Good administrators hardly can make judgments in their own schools, how can someone from a legislature?

Imposing a common core from a distance breeds “check box” teaching and is often premised on a distrust of teachers.  Bad teachers can check off any box given to them by a state legislature: good teachers will be frustrated with a lack of liberty.

Bad teachers cannot be cured by good curriculum: making Professor Marx teach the Declaration of Independence will not make Marx’s views any less noxious or harmful to the student. A common core taught by teachers who do not like it can be twisted unrecognizably with the teacher gaining the added benefit of appearing the rebel with a cause.

A mandated common core prevents the open competition of ideas.

If parents want a school without a strong common core, they can pick one of HBU’s competitors. If they want genuine education, they can come to HBU. If a community chooses high schools with bad curriculum, they will get what they have chosen. A republic gives people the right to choose foolishly, after all. In years of teaching, I have seen no evidence that making a student “cover” a topic in the hands of lifeless teachers produces good results.

Of course, part of the problem is the corruption of state and federal money in local education. If you use Microsoft software, don’t be surprised when Redmond reaches into your computer in ways you do not like. In the same way, state subsidies always come with strings, like a common core, that do not let the real reasons districts fail become evident. Bad town and city government can destroy the tax infrastructure need for good schools and then blame the state for a lack of money for schools. Good towns and cities balance policies that encourage education and the tax revenue that will support it.

Even if it was workable, a government mandated common core would be wrong.

There are two kinds of unity: homogeneity and the voluntary confederacy based on shared values.
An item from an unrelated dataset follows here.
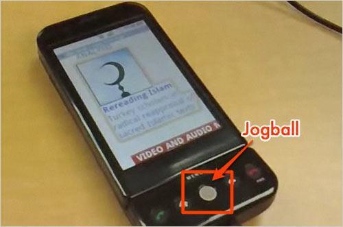 G1机身正面有一个被称作Jogball的按键,类似于黑莓手机常用的轨迹球,可以用来滑动控制系统界面。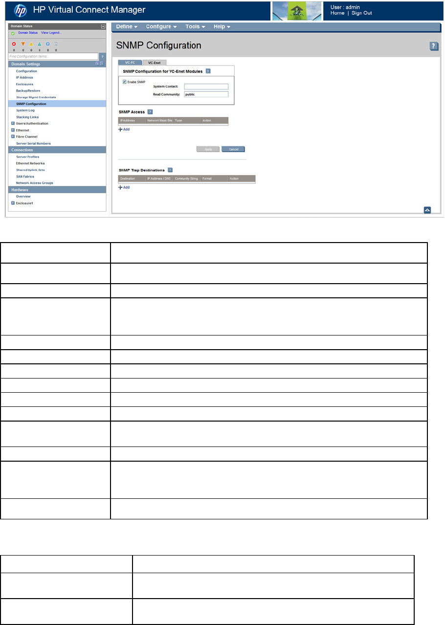 The VC-Enet SNMP settings apply to all VC-Enet modules in the Virtual Connect domain.

Free people don’t really share values if they are forced by a distant government to teach what they do not believe. If we cannot trust a community to teach republican values, then that community has deep problems that cannot be fixed by any government imposed curriculum.

Can a nation impose patriotism? Forced patriotism does violence to true love of country.

The man who does not demand his child’s school teach the Constitution will not make sure his son or daughter values that Constitution in daily life. If the community does not naturally choose a common core, then imposing it will breed nothing but surly compliance at best and rebellion at worst.

Homogeneity in a people group is a bloodless word for tyranny. Instead, Americans have chosen to preserve diversity in unity. There is a reason the American eagle grasps arrows and not a spear in one claw. For English people the bow was the weapon of free men and the lance of lords: we are best symbolized as arrows in a quiver drawn at need by republicans. A common core might reduce us to a spear tip in the hands of our masters in Washington.

Finally, the common core may make us one without protecting our diversity. Who is so arrogant that he would impose a curriculum on an entire state? Here at HBU we chose our common core after hours of work, reflection on our values, and input from every part of the community. When we finally put a core together, those who dissented could easily opt out and go someplace else.

No law pursued them to their new haven.

The politician who believes he knows what millions must learn is dangerous. At most, government might suggest a common core, but it should not mandate one. I am happy to recommend the HBU core, but I would never impose it on UT, SMU, or Texas AM: they lack the expertise, capacity, or professors with the will to teach it.

And yet, let me be clear: a free man or woman should choose a school with a strong common core and press their local school to adopt one. One reason I support “school choice” is so that more Americans can make educational decisions for themselves sooner. Free men and women should pay their teachers well, but demand good teachers who support their values.

HBU and the high school programs that work with our Academy program have nothing to fear with liberty, but I do fear a government telling us what to teach. Today’s politicians may favor morality, tomorrows immorality.

The moral majority must always recall that in some areas it might be the moral minority.

Choose a common core, but choose it like a republican: locally and because you are  patriot.